**Task to carry out:** Please reproduce all of the data exactly as it appears, but skip the pictures.
##########
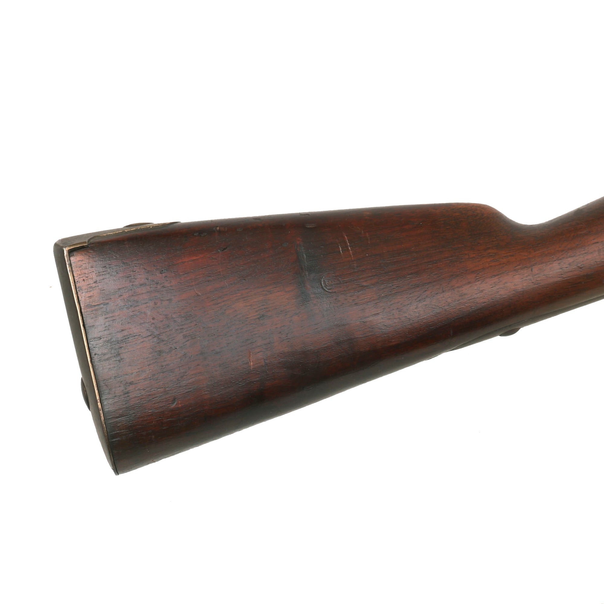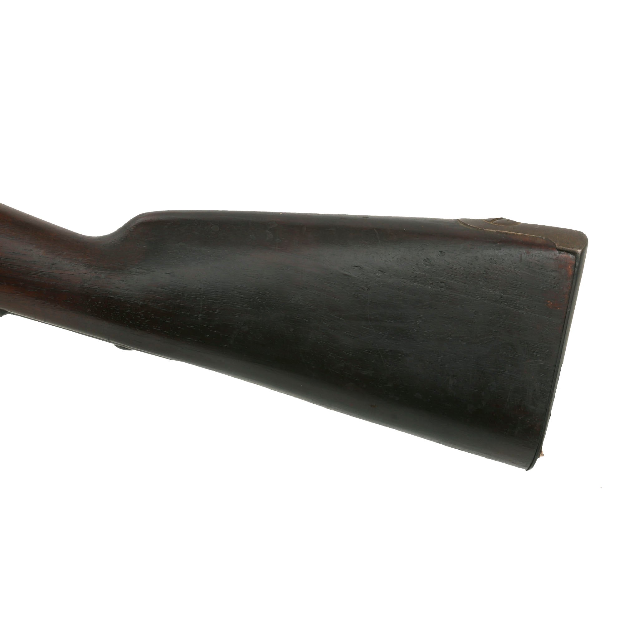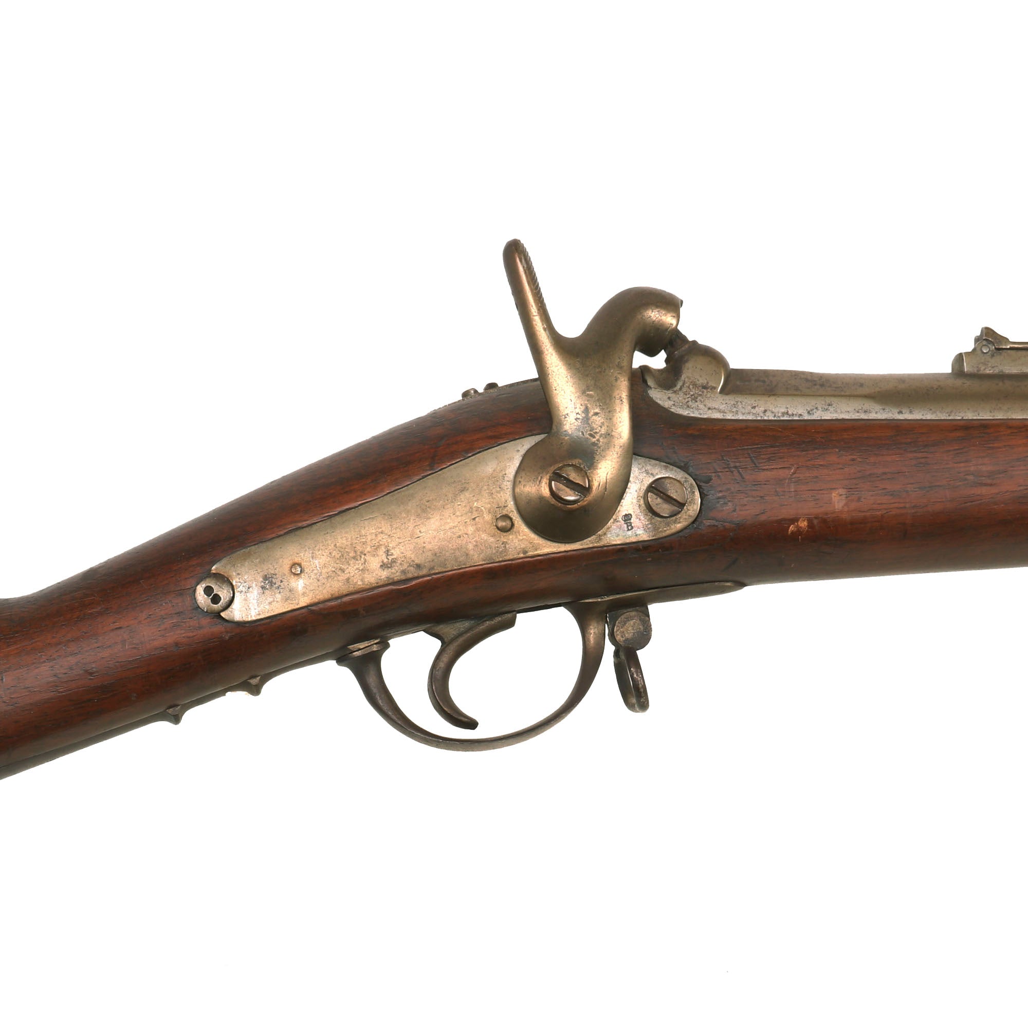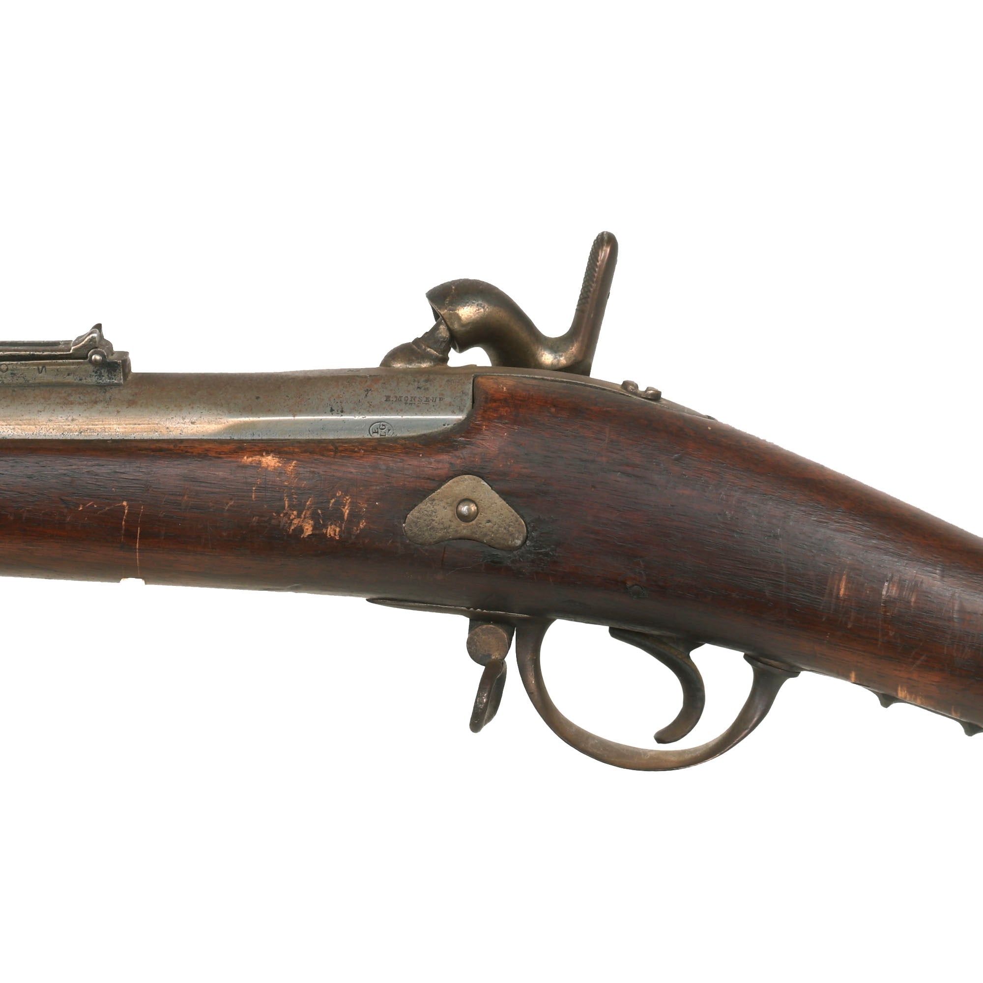 Original Item: Only One Available. This is exactly the type of "Rifled" Musket that the Confederacy imported from Western Europe before and during the Civil War. Here we have a French Model of 1842 Rifled Musket with a back action lock. These were usually produced as smoothbore long muskets, but the export trade required rifles, indicating this was possibly made for export to the U.S. Civil War Market. This example has a lovely "attic fresh" look to it, with dried grease and patination on the metalwork, and a lovely aged look to the wood. Aside from a cursory cleaning, we have left it as found to preserve the beautiful patina of age.
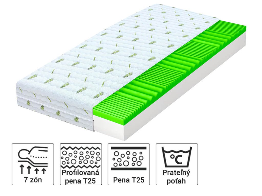 Vysokokvalitná 7-zónová pena s profilovanou štruktúrou je navrhnutá tak, aby podporovala správnu cirkuláciu krvi a uvoľňovanie svalstva počas spánku. Reaguje na telesnú teplotu, čo jej umožňuje prispôsobiť sa kontúram tela a zlepšiť celkový komfort spánku. Systém rôznych tvrdostí v jednotlivých zónach poskytuje optimálnu podporu chrbtici a zaisťuje prirodzenú polohu tela. Tento materiál je tiež ideálny pre osoby trpiace alergiami.
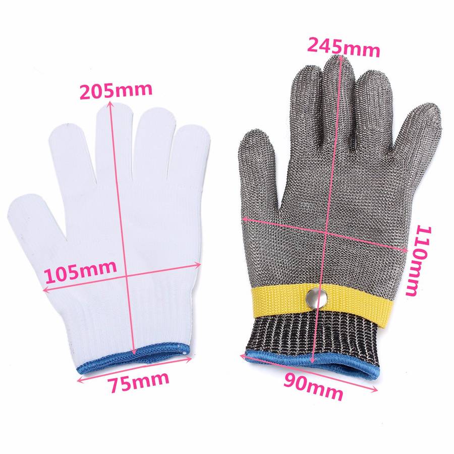 Color:Grey+White Material: Steel Wire Protection grade: 5 White Glove Size: Length(from Middle finger to wrist):20.5 cm Width(metacarpus):10.5 cm Grey Glove Size: Length(from Middle finger to wrist):24.5 cm Width(metacarpus):11 cm
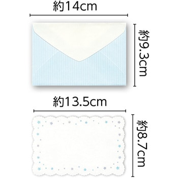 贈り物がもっと特別になる!星空のミニレター!ブルーの星がちりばめられた上品なデザインのミニレターセットです。作品に添えたりちょっとしたメッセージを送るのにぴったりです。繊細なカッティングと丁寧なエンボス加工に、ラメと箔を施した華やかな仕上がりで、プレゼント用のメッセージカードとしても活躍します。便箋5枚と封筒5枚のセット。25g以下なら82円で郵送でき、気軽に想いを届けられます。
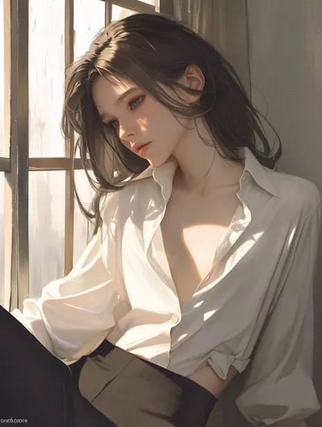 Midjourney Bot 更新时间:2026-01-21 00:08https://images.gogpt.vip/aigf/m_origin/20260121/2034345/lhb3yzpwjyx1bgyi.jpg A melancholic beautiful girl leaned against the window, wearing a white shirt with two unbuttoned buttons and black trousers. --ar 3:4 --stylize 100 --iw 0.25 --niji 6
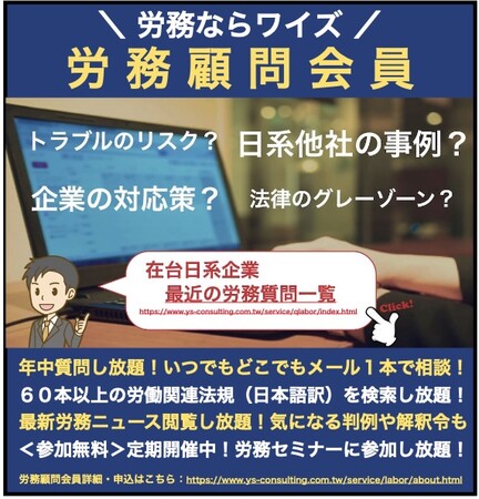 台湾最新の労務情報をお届けします<ワイズコンサルティング@台湾>
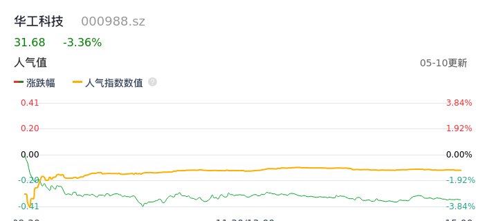 05月10日,华工科技收报31.68,股价涨幅-3.36%,成交金额10.77亿元,换手率3.36%。
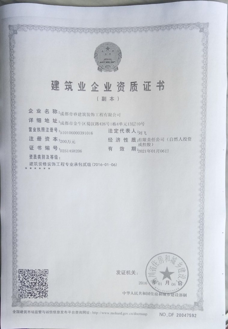 “帝睿裝飾”是一支飽含激情的成都裝修公司。公司擁有獨立并且專(zhuān)業(yè)的工裝裝修團隊和完善的工程管理機制。在適用性方面我們更多考慮的是商業(yè)盈利模式、文化背景、風(fēng)格喜好、實(shí)用性等,并在這方面基礎之上針對性的對不同空間做設計上的靈活運用,真正意義上做到盡善盡美;從施工作業(yè)和現場(chǎng)管理角度考慮,所有技術(shù)和管理人員持證上崗,確保所承接的工程全部都有序順利開(kāi)展。與此同時(shí),帝睿裝飾還另實(shí)行24小時(shí)跟蹤服務(wù)機制,并承諾:“工程不轉包!”。
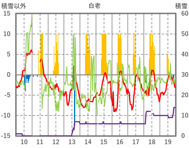 | 日 | 時 | 気温 | 降水 | 風向/風速 | 日照 | 積雪 | 降雪 |
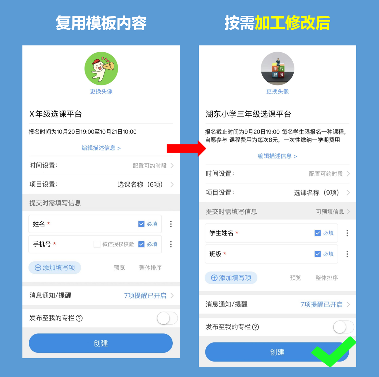 参照模板已有内容,按需进行修改和调整(比如课程项目、报名须知信息、报名需提交的信息等),不超过3分钟,就可以完成配置并立即启用了
##########
**Solution to the exercise:**
 Original Item: Only One Available. This is exactly the type of "Rifled" Musket that the Confederacy imported from Western Europe before and during the Civil War. Here we have a French Model of 1842 Rifled Musket with a back action lock. These were usually produced as smoothbore long muskets, but the export trade required rifles, indicating this was possibly made for export to the U.S. Civil War Market. This example has a lovely "attic fresh" look to it, with dried grease and patination on the metalwork, and a lovely aged look to the wood. Aside from a cursory cleaning, we have left it as found to preserve the beautiful patina of age.
 Vysokokvalitná 7-zónová pena s profilovanou štruktúrou je navrhnutá tak, aby podporovala správnu cirkuláciu krvi a uvoľňovanie svalstva počas spánku. Reaguje na telesnú teplotu, čo jej umožňuje prispôsobiť sa kontúram tela a zlepšiť celkový komfort spánku. Systém rôznych tvrdostí v jednotlivých zónach poskytuje optimálnu podporu chrbtici a zaisťuje prirodzenú polohu tela. Tento materiál je tiež ideálny pre osoby trpiace alergiami.
 Color:Grey+White Material: Steel Wire Protection grade: 5 White Glove Size: Length(from Middle finger to wrist):20.5 cm Width(metacarpus):10.5 cm Grey Glove Size: Length(from Middle finger to wrist):24.5 cm Width(metacarpus):11 cm
 贈り物がもっと特別になる!星空のミニレター!ブルーの星がちりばめられた上品なデザインのミニレターセットです。作品に添えたりちょっとしたメッセージを送るのにぴったりです。繊細なカッティングと丁寧なエンボス加工に、ラメと箔を施した華やかな仕上がりで、プレゼント用のメッセージカードとしても活躍します。便箋5枚と封筒5枚のセット。25g以下なら82円で郵送でき、気軽に想いを届けられます。
 Midjourney Bot 更新时间:2026-01-21 00:08https://images.gogpt.vip/aigf/m_origin/20260121/2034345/lhb3yzpwjyx1bgyi.jpg A melancholic beautiful girl leaned against the window, wearing a white shirt with two unbuttoned buttons and black trousers. --ar 3:4 --stylize 100 --iw 0.25 --niji 6
 台湾最新の労務情報をお届けします<ワイズコンサルティング@台湾>
 05月10日,华工科技收报31.68,股价涨幅-3.36%,成交金额10.77亿元,换手率3.36%。
 “帝睿裝飾”是一支飽含激情的成都裝修公司。公司擁有獨立并且專(zhuān)業(yè)的工裝裝修團隊和完善的工程管理機制。在適用性方面我們更多考慮的是商業(yè)盈利模式、文化背景、風(fēng)格喜好、實(shí)用性等,并在這方面基礎之上針對性的對不同空間做設計上的靈活運用,真正意義上做到盡善盡美;從施工作業(yè)和現場(chǎng)管理角度考慮,所有技術(shù)和管理人員持證上崗,確保所承接的工程全部都有序順利開(kāi)展。與此同時(shí),帝睿裝飾還另實(shí)行24小時(shí)跟蹤服務(wù)機制,并承諾:“工程不轉包!”。
 | 日 | 時 | 気温 | 降水 | 風向/風速 | 日照 | 積雪 | 降雪 |
 参照模板已有内容,按需进行修改和调整(比如课程项目、报名须知信息、报名需提交的信息等),不超过3分钟,就可以完成配置并立即启用了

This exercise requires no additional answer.